My mother was anti-Santa. Not that she had anything against the real, historic St. Nicholas. It was the overweight, white-bearded imposter that she was up against - he isn't, never was, real, and, my mother insisted, no child should be told that he is. ''Make-belief'' was all right, though. We could hang up our stockings, as long as we knew no one would really came tumbling down the chimney. Somehow the magic was there, just the same. When we visited Father Christmas (Santa's British alias) at the local store, we knew it was just an exciting game, even when he ''gave'' us a present (paid for by my mother) wrapped in thin colored tissue paper.

Other people's children believing in Father Christmas was a trial to Mother. She knew she mustn't meddle, but she could hardly stand it. Her only resource was to tackle the parents - the way she sometimes stopped mothers in the street to advise them that their children's shoes were too small. We found it embarrassing. In fact, our differences often made us blush.

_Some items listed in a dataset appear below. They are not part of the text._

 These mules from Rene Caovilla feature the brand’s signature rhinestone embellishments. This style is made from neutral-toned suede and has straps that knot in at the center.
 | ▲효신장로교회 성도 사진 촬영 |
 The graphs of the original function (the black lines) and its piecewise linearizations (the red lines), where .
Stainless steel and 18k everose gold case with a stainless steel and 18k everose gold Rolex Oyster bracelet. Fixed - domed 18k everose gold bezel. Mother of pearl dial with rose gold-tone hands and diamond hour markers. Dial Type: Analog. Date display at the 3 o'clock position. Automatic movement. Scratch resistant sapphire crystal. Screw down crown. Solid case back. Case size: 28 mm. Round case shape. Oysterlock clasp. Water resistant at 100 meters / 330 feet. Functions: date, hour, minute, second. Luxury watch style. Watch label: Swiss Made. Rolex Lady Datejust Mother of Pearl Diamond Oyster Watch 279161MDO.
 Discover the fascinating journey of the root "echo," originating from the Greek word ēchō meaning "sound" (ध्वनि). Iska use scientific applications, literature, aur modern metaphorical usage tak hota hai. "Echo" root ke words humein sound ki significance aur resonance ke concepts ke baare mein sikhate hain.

For instance, we wore our hair in Dutch bobs (no barrettes needed), and because the family owned a shoe shop, our shoes never looked like anyone else's (we wore the ''unsellables''). My elder sister suffered considerably because the rest of us kenneled a pack of ''dogs'' in the roots of the beech tree. To the literal-minded they were sticks with twine leashes, but we knew each twig by name, and even wept when one snapped.

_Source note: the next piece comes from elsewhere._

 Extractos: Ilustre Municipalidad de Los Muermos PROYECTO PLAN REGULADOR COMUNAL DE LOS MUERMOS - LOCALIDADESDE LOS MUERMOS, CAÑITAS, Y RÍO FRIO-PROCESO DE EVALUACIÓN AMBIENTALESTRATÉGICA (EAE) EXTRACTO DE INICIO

Belief in Santa wasn't the only prohibition that seemed to apply only to our family: never stay indoors before lunch, never eat sweets in front of a friend without sharing them, never name any of my father's hens (eating a friend could cause emotional problems).

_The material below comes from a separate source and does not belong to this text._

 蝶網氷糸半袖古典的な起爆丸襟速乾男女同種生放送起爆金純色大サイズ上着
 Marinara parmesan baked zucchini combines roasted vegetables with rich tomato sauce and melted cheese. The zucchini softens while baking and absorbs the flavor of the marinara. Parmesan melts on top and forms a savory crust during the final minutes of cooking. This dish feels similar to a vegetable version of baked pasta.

And we were never, never allowed to comment on the way my grandfather cut the Christmas cake. It was always a splendid sight, a rich, fruity mixture decorated with a snow scene (icing sugar and the china Eskimos we brought out every year). Grandfather had been known to cut himself an average slice and then put the whole cake on his plate, leaving only the slice to be divided among the rest of us.

But it was the Father Christmas deal that really set us apart, though oddly enough it wasn't a difference that bothered me, perhaps because the anti-crusade had begun so early in my life. My mother had always been uncompromisingly (sometimes embarrassingly) honest, and the idea of deceiving us had made her uneasy. Then something happened that stiffened her opposition to the old gentlemen. When my older sister Joan was about four, she saw a tricycle in a shop window. It was love at first sight, and my father determined to scrimp and save and buy it for her.

So, on Christmas morning, Joan was pedaling around the kitchen shouting her thank-yous. She was thanking Mother for this, my aunts for that, and ending up her litany with ''Father Christmas gave a trike, and Daddy - Daddy didn't give me ANYTHING.''

So from then on Father Christmas was banished from our lives and never darkened our chimneys again. It didn't bother me. ''Make-belief'' was completely satisfying, and if I had to choose between my ''dogs'' and an imaginary Father Christmas, I'd have taken my sticks any day.